China media: 'Contradictory' information on plane search
Chinese media are concerned over "contradictory" and sometimes inaccurate information coming out of Kuala Lumpur about the missing Malaysia Airlines jet.
Beijing-bound flight MH370 vanished on Saturday shortly after it left Kuala Lumpur. There were 239 people, mostly Chinese nationals, on board.
A massive international search operation is under way in the South China Sea. A senior Malaysian military official on Wednesday denied comments reported on Tuesday that the plane had been tracked by an army radar in the Strait of Malacca off Malaysia's west coast.
Confused by the conflicting reports, the Global Times Chinese edition criticises Malaysian authorities for treating the incident like a "domestic affair" and urges the country to fully co-operate with China, as "the whole world is watching".
"Is the Malaysian military hiding something or is there a lack of co-ordination between the military and civil affairs departments leading to the huge information mix-up?... We are worried that Kuala Lumpur might not have the ability to handle information effectively. If so, would they consider involving China to study the raw information?" it asks.
In a less direct manner, the China Internet Information Centre website, a state-run news portal, reports that Vietnam has scaled back some of its search activities.
The website says Vietnam may have scaled back its operation to express "displeasure" over the contradictory statements coming out from Malaysia.
Zhang Qizhun, an expert on aviation law from the Beijing Law Society, tells the Beijing News that the Chinese government can fine Malaysia Airlines if it feels that the carrier caused a delay in the rescue process.
Moving on to other news, media are analysing the effect of interest rate liberalisation as the central bank has indicated that it may take such a measure in the near future.
According to local media reports, Zhou Xiaochuan, governor of China's central bank, revealed on Tuesday that as "the last step in interest rate marketisation, the yuan deposit rates will be liberalised in one to two years".
Interest rates on bank deposits are currently controlled by the state.
Welcoming the intended move, the Nanfang Daily says such action would be beneficial for the vibrancy of the banking sector, though there might be "short-term pain" at the initial stage.
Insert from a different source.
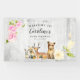 Banderole de bienvenue élégante au baby shower, ornée de fleurs d'aquarelle peintes à la main (magnolia et camélia) et d'animaux de la forêt (lapin, renard, cerf et ours). Il y a un arrière - plan de texture bois blanc. Design à thème bois doux pour une douche bébé fille. Customisez ce produit en ajoutant le nom de la maman à être et la date de l'événement.

"Once the deposit rate is liberalised, macroeconomic and currency policies might be affected… there will be competition among financial institutions for loans and deposits and this may affect banks' revenue in the long-term. But customers will enjoy better service," it adds.
Echoing a similar view, the Southern Metropolis Daily hopes that the authorities will stay with the "one to two-year timeline", as the market is ready for the change.
The China Daily says the banking sector will face tough challenges, as there might be more job cuts in traditional banks with the rapid integration of internet-based technologies and financial services.
"The Chinese authorities are suggesting fast moves because technology will not wait and, more importantly, it is time to deepen reform," it says.
Analysing the possible effect that comes with deposit rate liberalisation, the Beijing News says a controlled interest rate has led to the popularity of unregulated internet financial platforms, but this is expected to change when the banks have the power to set the rates.
"The purchasing power of the yuan in domestic markets will increase, which is the main purpose of reforming the deposit rate liberalisation," it says.
And finally, Ma Zhenchuan, deputy at the National People's Congress, China's top legislative body, has proposed amendments to the "Police Law" in the aftermath of the Kunming knife attack on 1 March.
Citing the knife incident, Mr Ma said "a police officer shot four attackers within 15 seconds, but in most cases, the police are likely to wait for orders to shoot", he reportedly said.
Supporting the proposal, the Beijing Times says though the current law allows police to open fire in several situations, the description is not clear enough.
"Although the law states a few 'emergency situations', they are not specific and comprehensive enough… When the law is clear, police will be more confident knowing when they could use the gun," it says.